▶ _EXERCISE_
Please set down exactly the lines of the listing below from the line containing "Auf unserer Berufsfindungsmesse" through the line containing "of Troy, Michigan.", both lines included, leaving out all other lines.

▶ _LISTED ENTRIES_
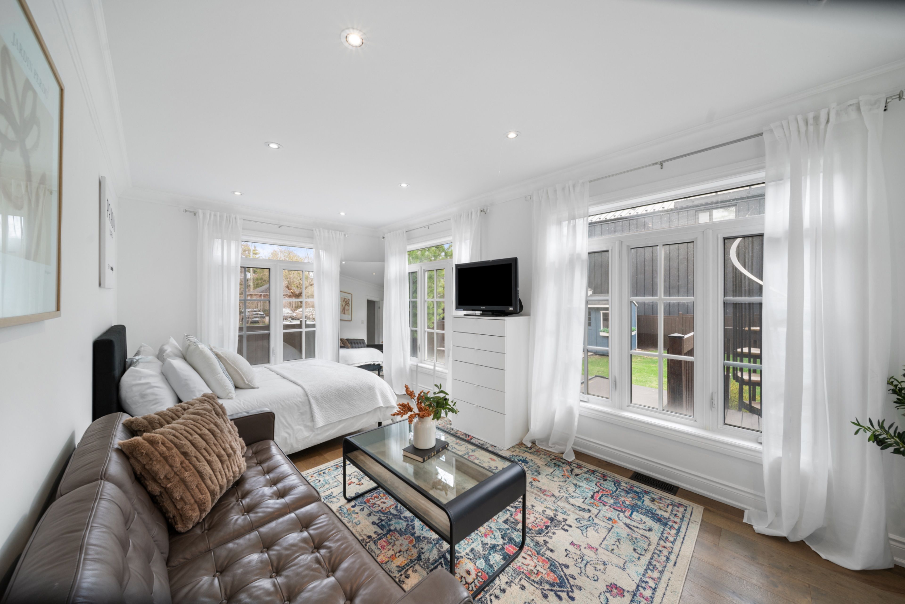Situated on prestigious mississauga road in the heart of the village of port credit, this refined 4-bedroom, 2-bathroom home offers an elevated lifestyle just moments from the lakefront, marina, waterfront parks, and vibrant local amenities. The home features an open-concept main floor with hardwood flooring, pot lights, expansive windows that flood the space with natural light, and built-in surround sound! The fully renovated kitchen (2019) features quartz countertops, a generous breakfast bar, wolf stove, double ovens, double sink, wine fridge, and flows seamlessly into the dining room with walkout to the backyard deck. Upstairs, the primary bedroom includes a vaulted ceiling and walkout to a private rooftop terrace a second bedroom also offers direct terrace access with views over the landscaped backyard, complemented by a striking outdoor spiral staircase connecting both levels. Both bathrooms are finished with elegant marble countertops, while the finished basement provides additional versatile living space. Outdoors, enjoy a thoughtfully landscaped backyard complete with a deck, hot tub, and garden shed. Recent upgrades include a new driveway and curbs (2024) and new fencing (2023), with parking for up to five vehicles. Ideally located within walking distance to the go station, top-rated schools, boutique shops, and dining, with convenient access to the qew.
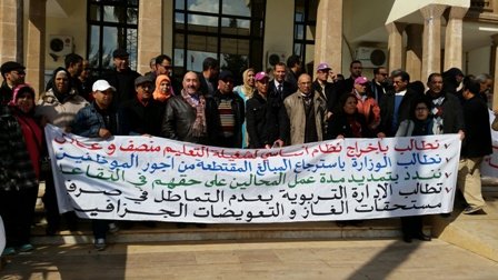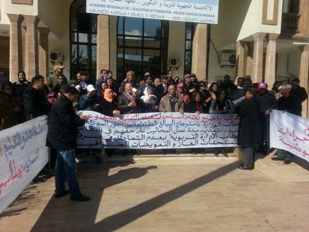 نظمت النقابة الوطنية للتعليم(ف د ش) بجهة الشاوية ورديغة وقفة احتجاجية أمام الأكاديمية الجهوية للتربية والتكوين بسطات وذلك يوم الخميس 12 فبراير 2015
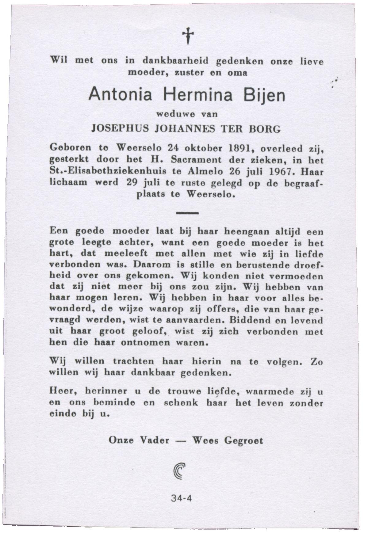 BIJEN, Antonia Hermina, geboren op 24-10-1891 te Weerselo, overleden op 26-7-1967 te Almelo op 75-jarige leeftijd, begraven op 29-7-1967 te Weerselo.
...
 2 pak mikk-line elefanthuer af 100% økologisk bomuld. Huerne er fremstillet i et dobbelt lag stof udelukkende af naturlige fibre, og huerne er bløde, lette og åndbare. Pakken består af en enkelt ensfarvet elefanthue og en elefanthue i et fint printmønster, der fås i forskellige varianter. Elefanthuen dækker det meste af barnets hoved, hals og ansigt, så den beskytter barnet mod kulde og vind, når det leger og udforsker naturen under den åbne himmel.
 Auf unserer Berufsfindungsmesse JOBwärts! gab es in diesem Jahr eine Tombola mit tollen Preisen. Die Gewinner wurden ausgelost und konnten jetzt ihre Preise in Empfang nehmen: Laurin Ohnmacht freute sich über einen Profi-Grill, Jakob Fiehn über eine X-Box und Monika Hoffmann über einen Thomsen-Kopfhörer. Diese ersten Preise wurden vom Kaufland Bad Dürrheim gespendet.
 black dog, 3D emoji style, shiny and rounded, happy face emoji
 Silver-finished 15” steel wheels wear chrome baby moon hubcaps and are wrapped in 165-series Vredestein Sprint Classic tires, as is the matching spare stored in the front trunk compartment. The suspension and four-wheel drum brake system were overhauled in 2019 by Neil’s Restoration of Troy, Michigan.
...
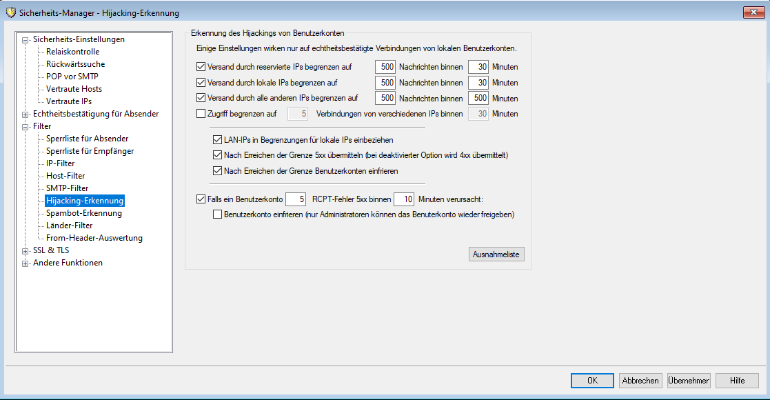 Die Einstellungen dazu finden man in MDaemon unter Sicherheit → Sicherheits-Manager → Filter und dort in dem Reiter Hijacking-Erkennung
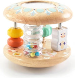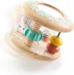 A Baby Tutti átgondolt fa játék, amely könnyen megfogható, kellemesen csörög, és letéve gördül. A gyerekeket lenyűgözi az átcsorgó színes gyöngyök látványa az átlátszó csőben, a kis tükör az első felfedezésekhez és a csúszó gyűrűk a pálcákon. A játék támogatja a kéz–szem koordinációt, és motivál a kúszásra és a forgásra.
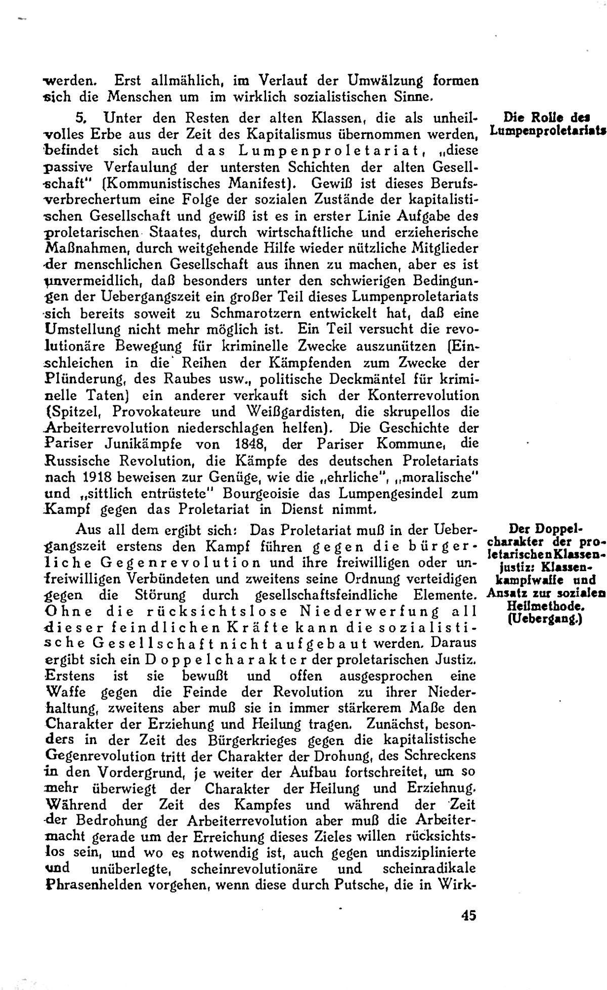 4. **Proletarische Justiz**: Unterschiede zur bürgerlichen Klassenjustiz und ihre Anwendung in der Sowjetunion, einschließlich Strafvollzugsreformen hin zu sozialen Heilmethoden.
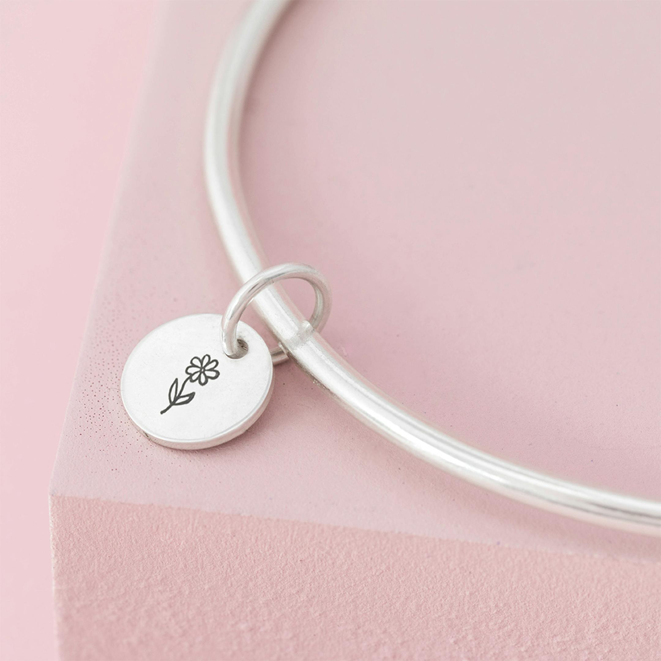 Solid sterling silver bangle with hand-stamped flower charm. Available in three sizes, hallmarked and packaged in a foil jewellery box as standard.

▶ _WRITTEN RESPONSE_
 Auf unserer Berufsfindungsmesse JOBwärts! gab es in diesem Jahr eine Tombola mit tollen Preisen. Die Gewinner wurden ausgelost und konnten jetzt ihre Preise in Empfang nehmen: Laurin Ohnmacht freute sich über einen Profi-Grill, Jakob Fiehn über eine X-Box und Monika Hoffmann über einen Thomsen-Kopfhörer. Diese ersten Preise wurden vom Kaufland Bad Dürrheim gespendet.
 black dog, 3D emoji style, shiny and rounded, happy face emoji
 Silver-finished 15” steel wheels wear chrome baby moon hubcaps and are wrapped in 165-series Vredestein Sprint Classic tires, as is the matching spare stored in the front trunk compartment. The suspension and four-wheel drum brake system were overhauled in 2019 by Neil’s Restoration of Troy, Michigan.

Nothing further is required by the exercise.